* **To do**
Transcribe all of the data verbatim, please, and leave out its pictures.

* **Given data**

▬▬▬

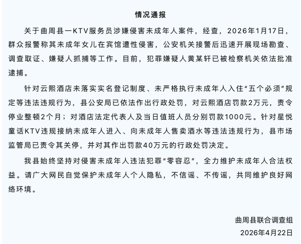 近日,河北一名14岁女孩在KTV饮酒后,被KTV服务员带入酒店实施性侵的消息引发舆论关注。昨天,河北邯郸曲周县发布通报称,经查,事件属实。目前,犯罪嫌疑人黄某轩已被批准逮捕。
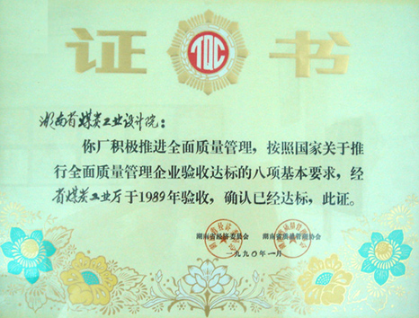 全面質(zhì)量管理合格證書(1989)
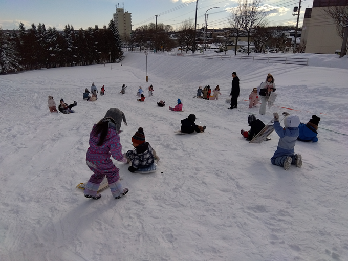 みんなで吉田川公園へ行ってきました♪初めての米ぞりでしたが、部屋で練習をしてきたので、バランスを取りながら上手に滑っていましたよ☆
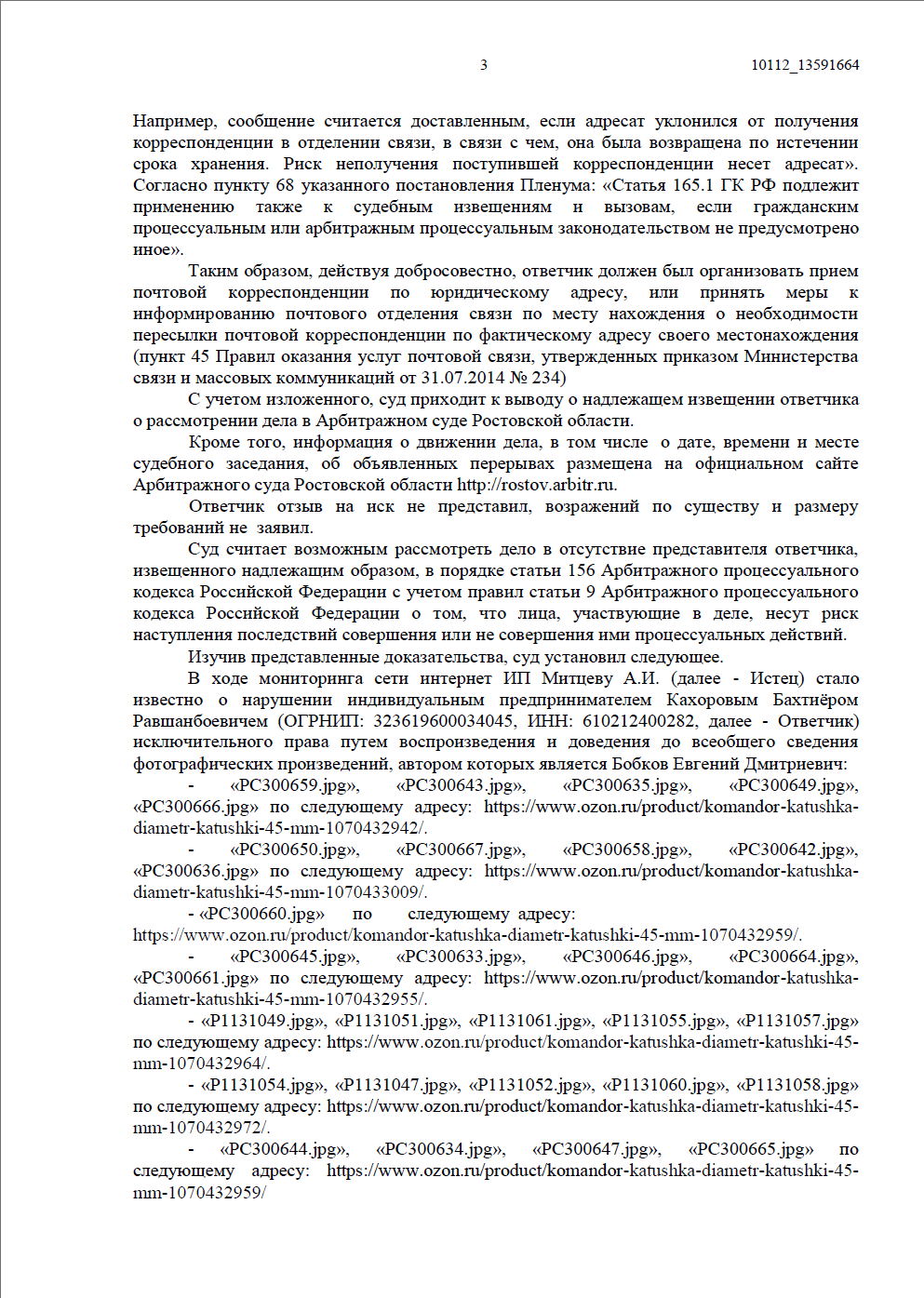 Выявили, что продавец на площадке Ozon без разрешения скопировал 30 профессиональных снимков катушек для металлоискателей, автором которых является Бобков Е.Д. и использовал их в своих коммерческих карточках товаров на маркетплейсе, зарабатывая на чужом контенте.

▬▬▬

* **Response to the exercise**
 近日,河北一名14岁女孩在KTV饮酒后,被KTV服务员带入酒店实施性侵的消息引发舆论关注。昨天,河北邯郸曲周县发布通报称,经查,事件属实。目前,犯罪嫌疑人黄某轩已被批准逮捕。
 全面質(zhì)量管理合格證書(1989)
 みんなで吉田川公園へ行ってきました♪初めての米ぞりでしたが、部屋で練習をしてきたので、バランスを取りながら上手に滑っていましたよ☆
 Выявили, что продавец на площадке Ozon без разрешения скопировал 30 профессиональных снимков катушек для металлоискателей, автором которых является Бобков Е.Д. и использовал их в своих коммерческих карточках товаров на маркетплейсе, зарабатывая на чужом контенте.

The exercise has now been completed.